Hopefully the point is obvious by now … but if the typical churn in the labor market does not cause annual disaster after disaster, then what possibly is different about a change in a single sector of the economy that dwarfs the size of these other events? Maybe you would argue that the auto sector is different because it is concentrated in one city and one industry – but what about the Mariel Boatlife example above? Do you want to argue that American auto-workers, who are already skilled and assimilated into American culture, would have a worse time than Cuban immigrants? Or do you wish to argue that the reason to bail out the auto sector is because you fear that Detroit will turn into a dump? Can Detroit can get any worse?

One Response to “Reader Request – More on the Auto Bailouts”

  1. Harry says:

    Tonight I watched a ubiquitous GM ad on television, with the Chairman talking about how GM is back, et cetera.

    I could not help but harken back to my days as an operating specialist, a field of consulting where we did projects to improve the ratio of output over input, broadly defined.

    My company, though not I, did a project for Pontiac, after we did Motors Insurance Company, the warranty arm of GM. There are many job stories there, but I digress.

    One of the things that became automatic instinct was to comprehend an area in any company and assess things going wrong — machines making strange noises, smoke arising — and especially people doing anything but work.

    The GM commercial shows many people leaving their just-finished work, a lot of folks walking around, many of them in dress shirts. Hardly anyone, maybe no one — I’m not sure until I see the commercial again — actually making a car by screwing in a bolt or a screw.

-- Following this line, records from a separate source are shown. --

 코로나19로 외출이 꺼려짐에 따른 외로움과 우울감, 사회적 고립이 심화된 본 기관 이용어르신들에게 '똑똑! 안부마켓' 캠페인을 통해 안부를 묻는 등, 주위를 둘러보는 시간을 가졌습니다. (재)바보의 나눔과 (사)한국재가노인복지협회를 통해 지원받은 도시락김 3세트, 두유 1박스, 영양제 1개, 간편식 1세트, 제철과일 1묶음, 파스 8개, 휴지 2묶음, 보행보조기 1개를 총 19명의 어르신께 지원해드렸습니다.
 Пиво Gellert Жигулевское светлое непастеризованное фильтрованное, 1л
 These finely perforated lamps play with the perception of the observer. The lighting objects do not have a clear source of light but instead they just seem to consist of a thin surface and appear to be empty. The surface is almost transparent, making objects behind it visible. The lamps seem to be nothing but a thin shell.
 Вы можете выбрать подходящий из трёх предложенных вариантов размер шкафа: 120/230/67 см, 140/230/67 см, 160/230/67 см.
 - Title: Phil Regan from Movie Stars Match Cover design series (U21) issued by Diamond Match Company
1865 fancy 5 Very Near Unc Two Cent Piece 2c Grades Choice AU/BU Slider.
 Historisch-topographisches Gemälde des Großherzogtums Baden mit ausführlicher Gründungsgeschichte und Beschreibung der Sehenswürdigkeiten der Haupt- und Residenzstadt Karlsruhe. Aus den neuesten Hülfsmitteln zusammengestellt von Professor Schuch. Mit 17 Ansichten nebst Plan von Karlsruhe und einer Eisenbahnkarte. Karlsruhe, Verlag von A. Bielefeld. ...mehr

    This in itself would have been red meat for us, as it always was, when we talked to our client about how many millions of his dollars was being wasted everywhere in his organization on payroll, not to mention all the scrap and rework caused by walking in hallways to the next meeting instead of paying attention to what was happening on the floor.

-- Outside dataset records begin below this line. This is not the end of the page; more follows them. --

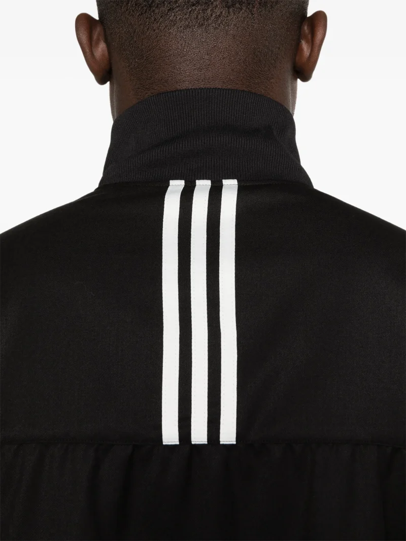 Jacheta Y-3 zip-up neagra, cu maneci lungi, inchidere cu fermoar, guler tip stand-up, buzunare laterale si tiv drept. 65% poliester 30% lana 5% elastan
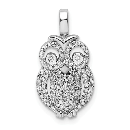 Million Charms 925 Sterling Silver Rhodium-plated 0.2Ct. Blk & Wht Dia. Reversible Owl Pendant
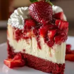A delightful and indulgent red velvet cheesecake layered with fresh strawberries and topped with whipped cream, perfect for celebrations.
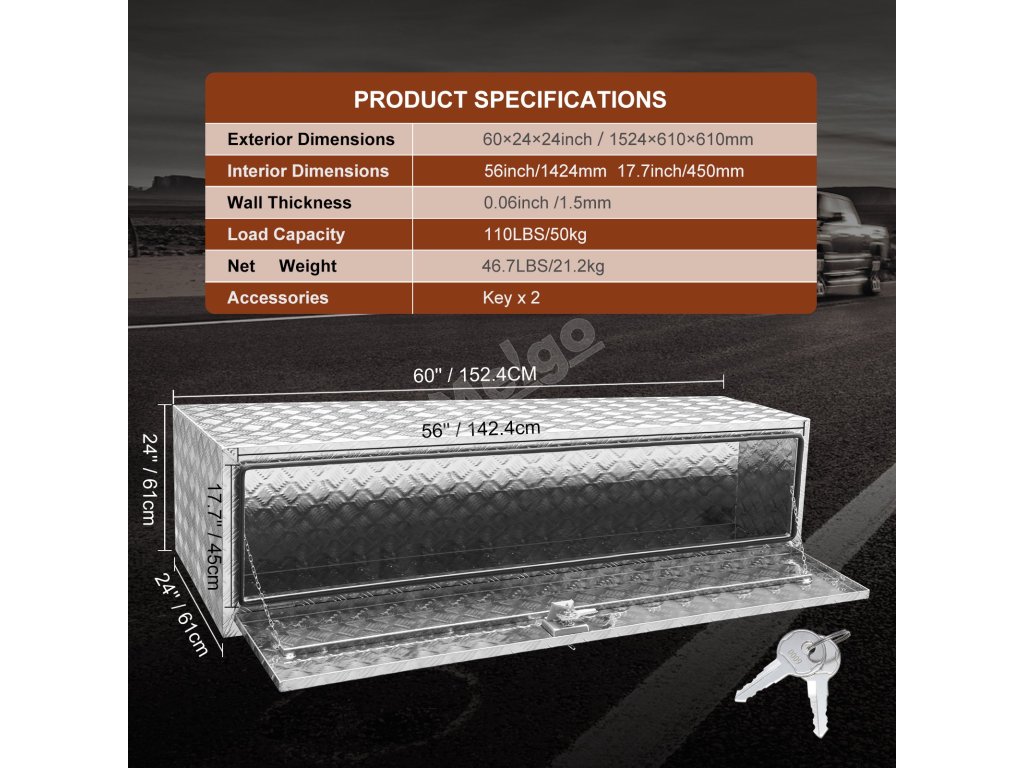 Kombinuje vysokokvalitnú konštrukciu s prijateľnou cenou, vďaka čomu predstavuje nákladovo efektívne riešenie na uskladnenie. Odolnosť a funkčnosť boxu z neho robia vynikajúcu investíciu pre každého, kto potrebuje bezpečné skladovanie. Aj keď má VEVOR Underbody Truck Box neuveriteľne dostupnú cenu, kvalita nie je ohrozená. Získate spoľahlivý výkon a dlhú životnosť a zároveň si zachováte výhodnosť nákupu. Vďaka tomu je ideálny pre tých, ktorí hľadajú spoľahlivú a zároveň cenovo výhodnú možnosť skladovania.
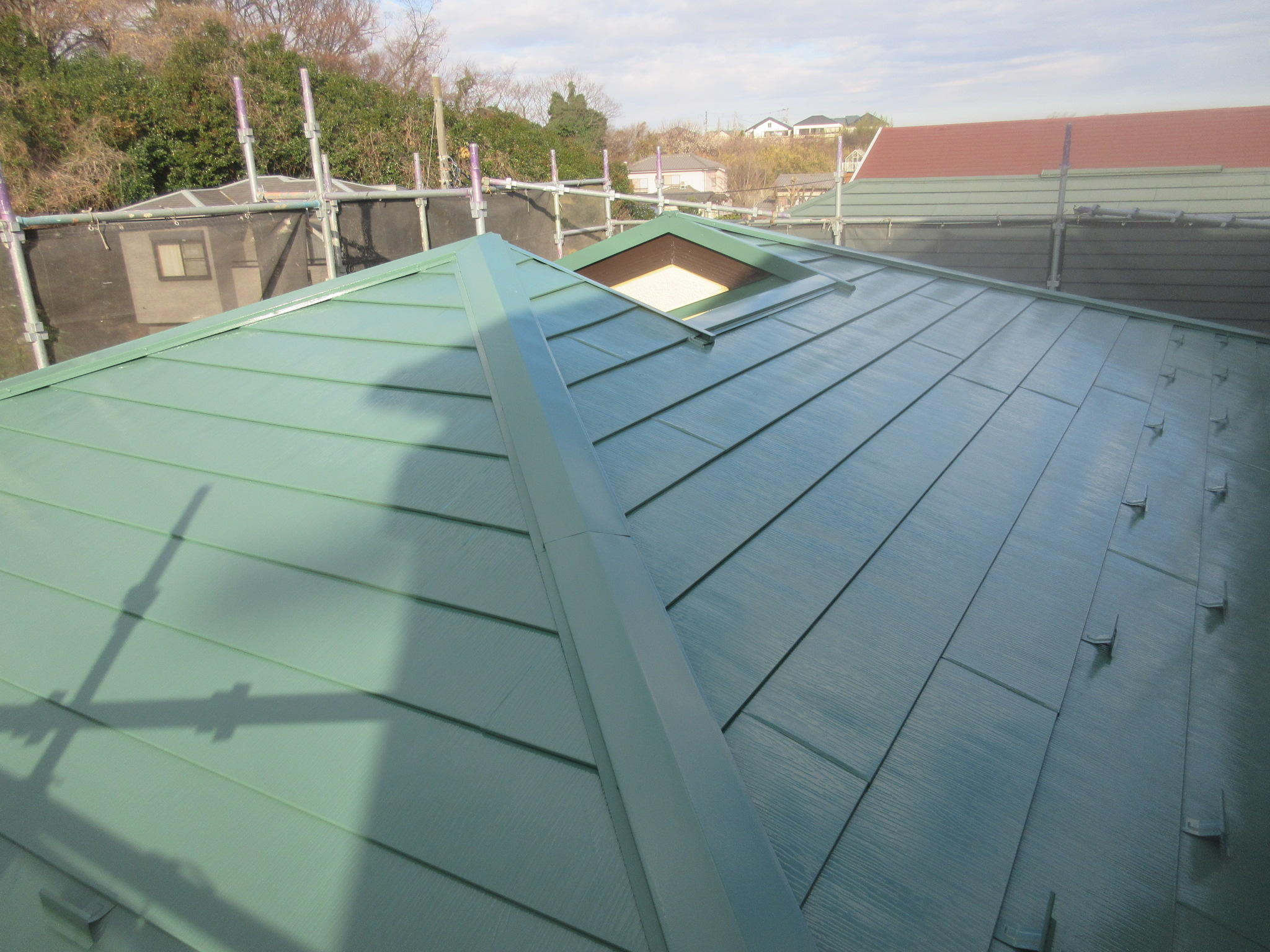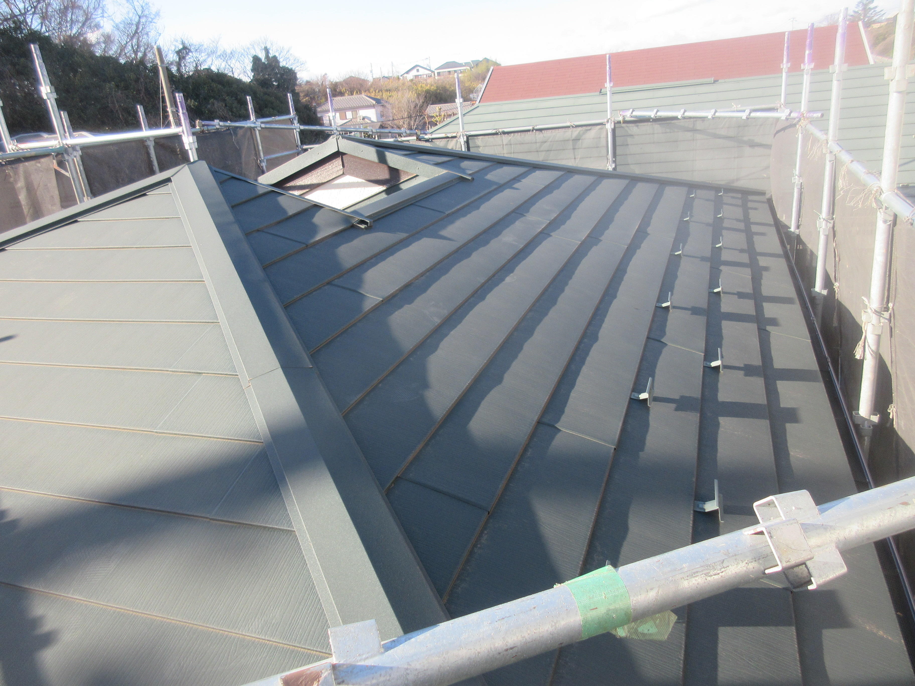 外壁は塗装の時期にきていましたが、屋根は前回カバー工法にて 金属屋根に変えてあったため、未だ大丈夫でしたがいずれ塗装の 必要が出てくるため、時期を一緒にするためにも足場を架けるな ら屋根の塗装もお勧めしました。

    I do not hold much hope for GM when its CEO is unexcited when he sees a hundred people in any given snapshot not building cars. (I’m not going to mention GM’s Jobs Bank, which pays “laid off” workers.)

    I drive a GM car, a great car, which I bought used. Their new cars are too expensive. They require an electrician from maintenance to fix a switch on an automatic machine while the expert machine operator watches, idle for hours. The only way GM can compete with its Cadillac is that the mechanic in Stuttgart building the BMW has more stupid work rules, and gets paid for a 40-hour week plus a month off for holiday for a 35-hour week. The 40- and 35-hour weeks count when you punch in and when you punch out, not the time you actually are working.

    My company never based its value on getting people to work harder, and when you were doing a job where capital and machines were at work, labor was not as signifigant. Rather than working harder, we always thought more often was better, and producing something of value, as opposed to waste, was paramount. Our jobs depended every day on getting more output per unit of input and it had to be demonstrated.

    Regarding your comment on immigrants, your point is well-taken.

    I’ve read all the arguments about the Baby Boom demographics and our domestic people growth rate, and I am concerned about our country’s future ability to pay for all its obligations when we are room temperature but my daughter is still around.

    Many of those arguments never speak to the question of who will be around to feed us and provide whatever else we need. Surely if we have a declining workforce, then our burden on whoever is still working becomes expotentially greater.

    Thus it is hard to understand opposition to letting other people into our country, as long as they are willing to work, regardless of the impossible social welfare systems we create for the nonworking.

    The UAW, of course, is afraid Mexicans will displace them, either by working for less per hour or more often. What they do not know is that as long as they are idle, the Jobs Bank will fail probably when they are still alive, and it would be in their interest to work as often as the Mexicans.